### Task description
Write out exactly the lines running from the one with "강원특별자치도는 2026년 4월" to the end of the data, including both of those lines and excluding pictures.

### Materials provided
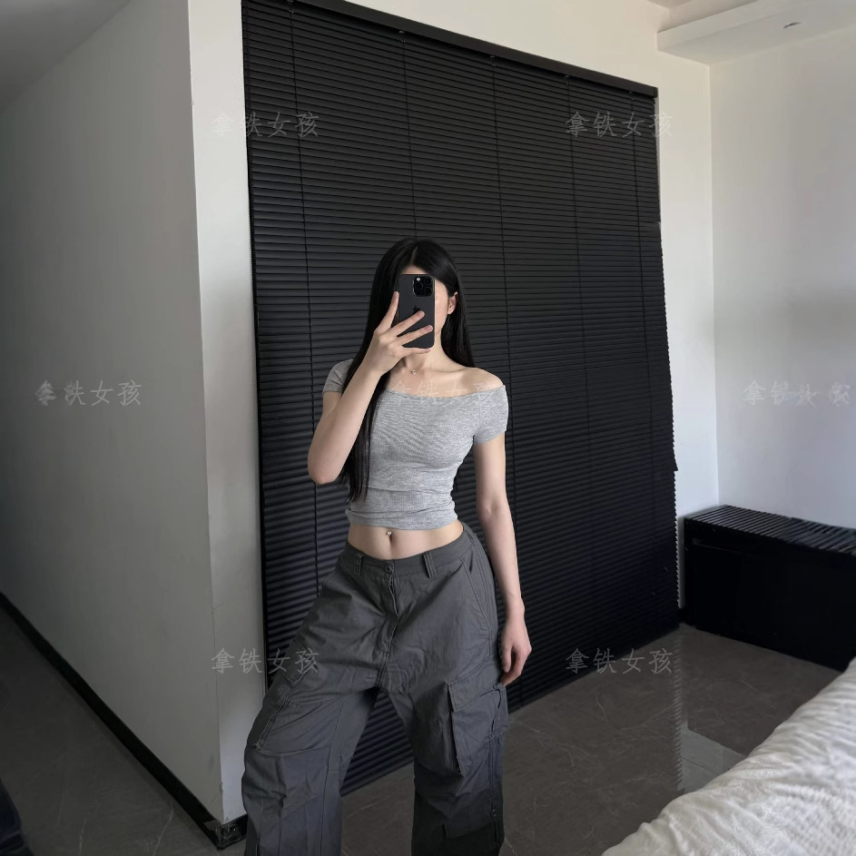 라떼 걸 원 숄더 비스듬한 어깨 반팔 티셔츠 여성 여름 오프 숄더 스레드 스트레치 매력 짧은 캐주얼 다목적스토어 가기
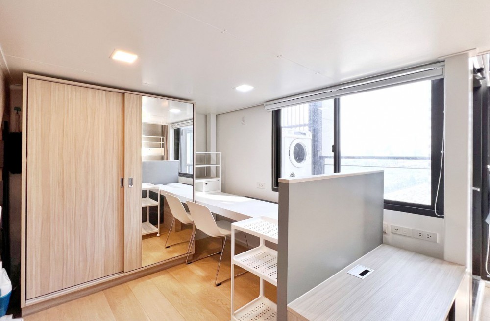 แบ่งสัดส่วนห้องนั่งเล่น พื้นที่ทำงาน และส่วนห้องน้ำ ได้อย่างเป็นสัดส่วน
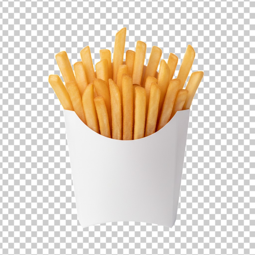 Golden French Fries in White Paper Cup PNG Transparent Background
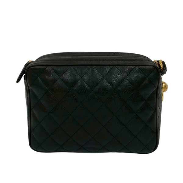 CHANEL Matelasse Coco Mark Caviar Leather Shoulder Bag Pochette Black 38893
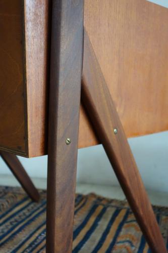 今回の物は、非常に造りが良く、チークの無垢材を所々使ったり、脚にはマホガニー無垢材を使ったり、
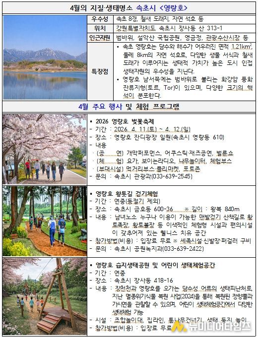 강원특별자치도는 2026년 4월 ‘지질·생태명소’로 속초시 '영랑호'를 선정했다고 밝혔다.
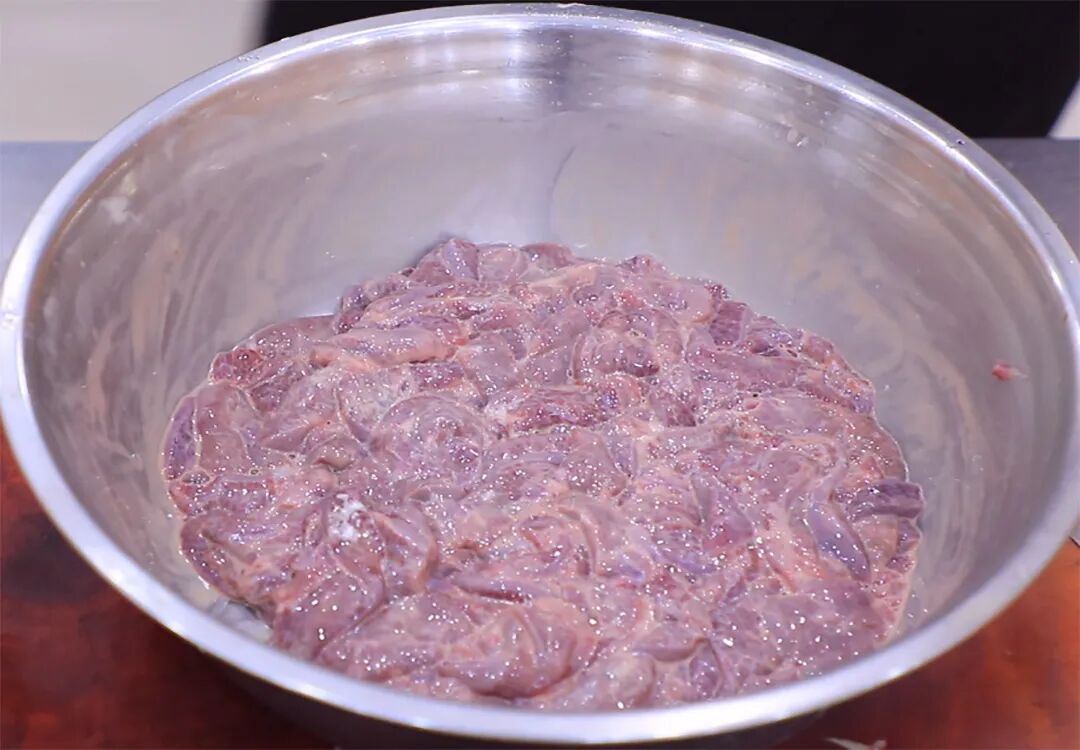 2.10分钟以后把猪肝倒出来,再次用清水冲洗干净,沥干水分,加入一勺食盐入底味,放入一小撮点淀粉抓拌均匀备用。

### Answer to this task
 강원특별자치도는 2026년 4월 ‘지질·생태명소’로 속초시 '영랑호'를 선정했다고 밝혔다.
 2.10分钟以后把猪肝倒出来,再次用清水冲洗干净,沥干水分,加入一勺食盐入底味,放入一小撮点淀粉抓拌均匀备用。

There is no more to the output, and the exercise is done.